**What the task requires**
Using the data below, output a verbatim copy of the lines between the one holding "Joyeuse invitation anniversaire/bûcheron" and the one holding "Bancadas nobres, marcenaria", inclusive, without any pictures.

(Data excerpts)
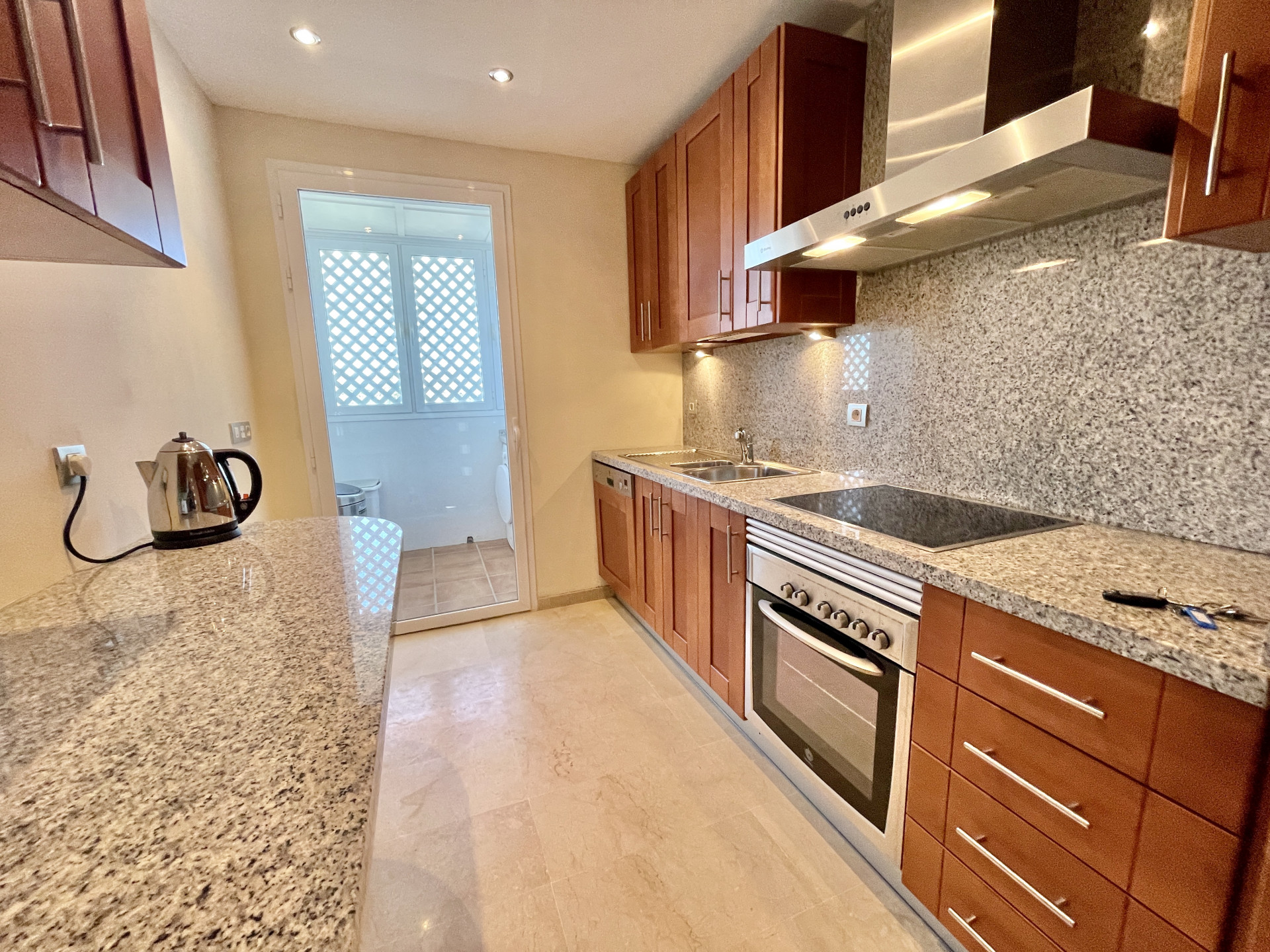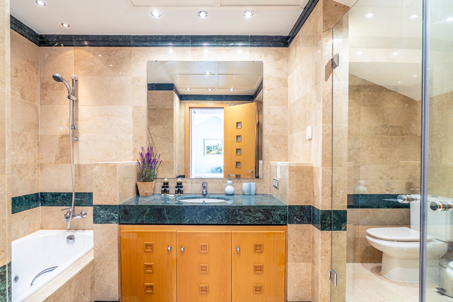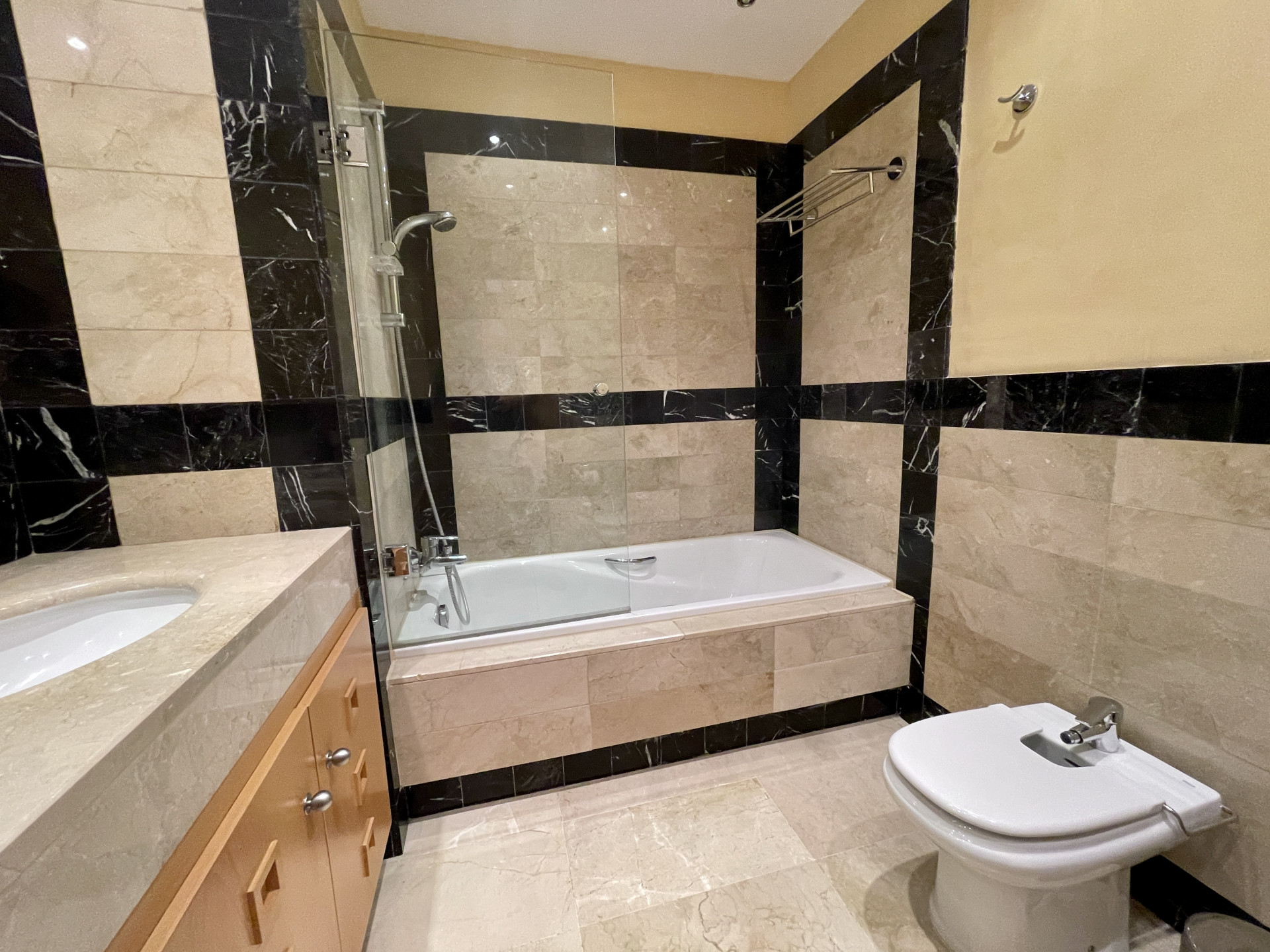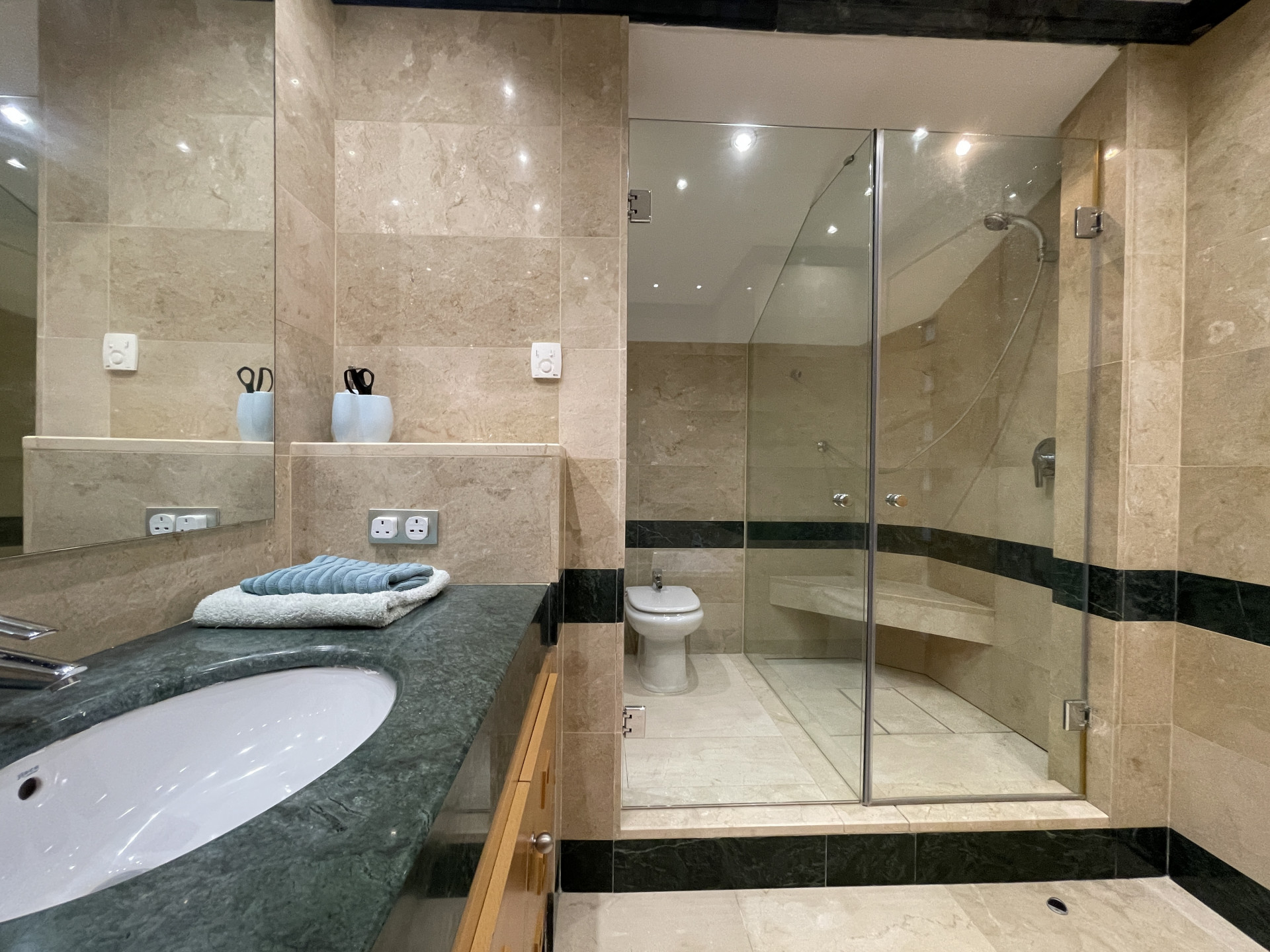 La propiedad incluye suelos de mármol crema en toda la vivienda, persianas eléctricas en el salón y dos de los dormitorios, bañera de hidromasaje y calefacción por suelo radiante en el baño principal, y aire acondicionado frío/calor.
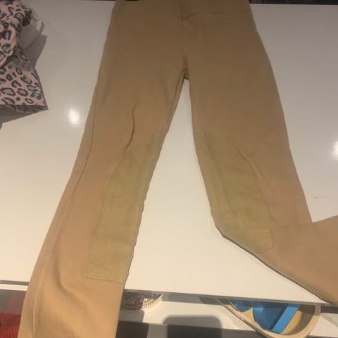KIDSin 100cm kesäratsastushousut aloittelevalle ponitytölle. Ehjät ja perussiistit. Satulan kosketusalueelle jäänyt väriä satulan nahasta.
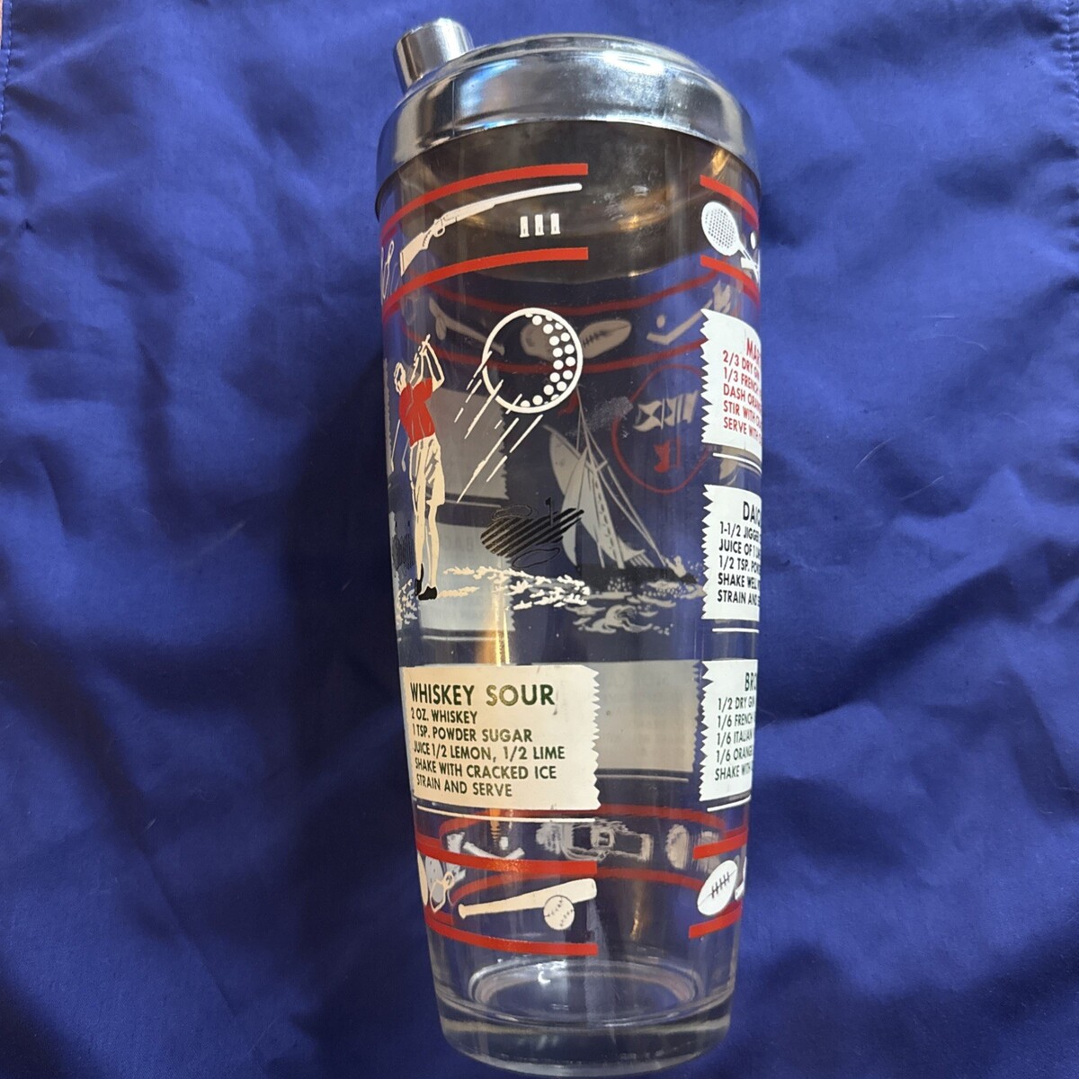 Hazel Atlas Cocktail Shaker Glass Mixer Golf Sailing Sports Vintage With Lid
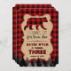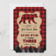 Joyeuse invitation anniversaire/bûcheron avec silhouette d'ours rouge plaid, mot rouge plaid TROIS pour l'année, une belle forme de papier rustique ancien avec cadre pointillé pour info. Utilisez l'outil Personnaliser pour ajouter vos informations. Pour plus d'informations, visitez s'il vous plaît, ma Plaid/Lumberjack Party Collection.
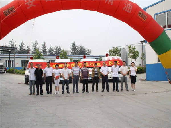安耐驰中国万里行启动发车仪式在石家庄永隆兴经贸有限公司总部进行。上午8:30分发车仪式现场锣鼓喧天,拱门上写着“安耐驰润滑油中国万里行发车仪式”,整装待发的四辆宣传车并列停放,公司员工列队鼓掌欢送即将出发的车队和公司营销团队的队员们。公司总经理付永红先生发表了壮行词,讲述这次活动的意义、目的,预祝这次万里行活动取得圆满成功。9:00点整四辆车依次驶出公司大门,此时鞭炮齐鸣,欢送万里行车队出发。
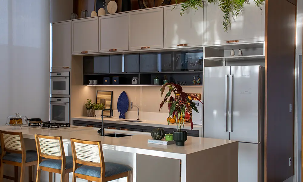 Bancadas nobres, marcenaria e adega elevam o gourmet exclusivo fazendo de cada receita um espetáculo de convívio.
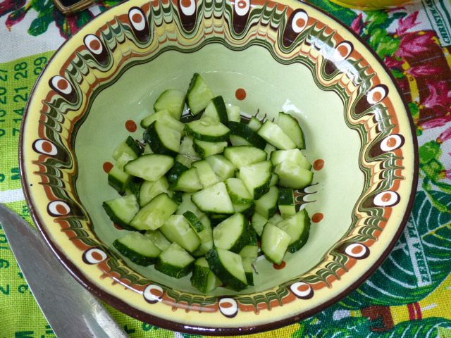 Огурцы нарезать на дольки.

**Final answer**
 Joyeuse invitation anniversaire/bûcheron avec silhouette d'ours rouge plaid, mot rouge plaid TROIS pour l'année, une belle forme de papier rustique ancien avec cadre pointillé pour info. Utilisez l'outil Personnaliser pour ajouter vos informations. Pour plus d'informations, visitez s'il vous plaît, ma Plaid/Lumberjack Party Collection.
安耐驰中国万里行启动发车仪式在石家庄永隆兴经贸有限公司总部进行。上午8:30分发车仪式现场锣鼓喧天,拱门上写着“安耐驰润滑油中国万里行发车仪式”,整装待发的四辆宣传车并列停放,公司员工列队鼓掌欢送即将出发的车队和公司营销团队的队员们。公司总经理付永红先生发表了壮行词,讲述这次活动的意义、目的,预祝这次万里行活动取得圆满成功。9:00点整四辆车依次驶出公司大门,此时鞭炮齐鸣,欢送万里行车队出发。
 Bancadas nobres, marcenaria e adega elevam o gourmet exclusivo fazendo de cada receita um espetáculo de convívio.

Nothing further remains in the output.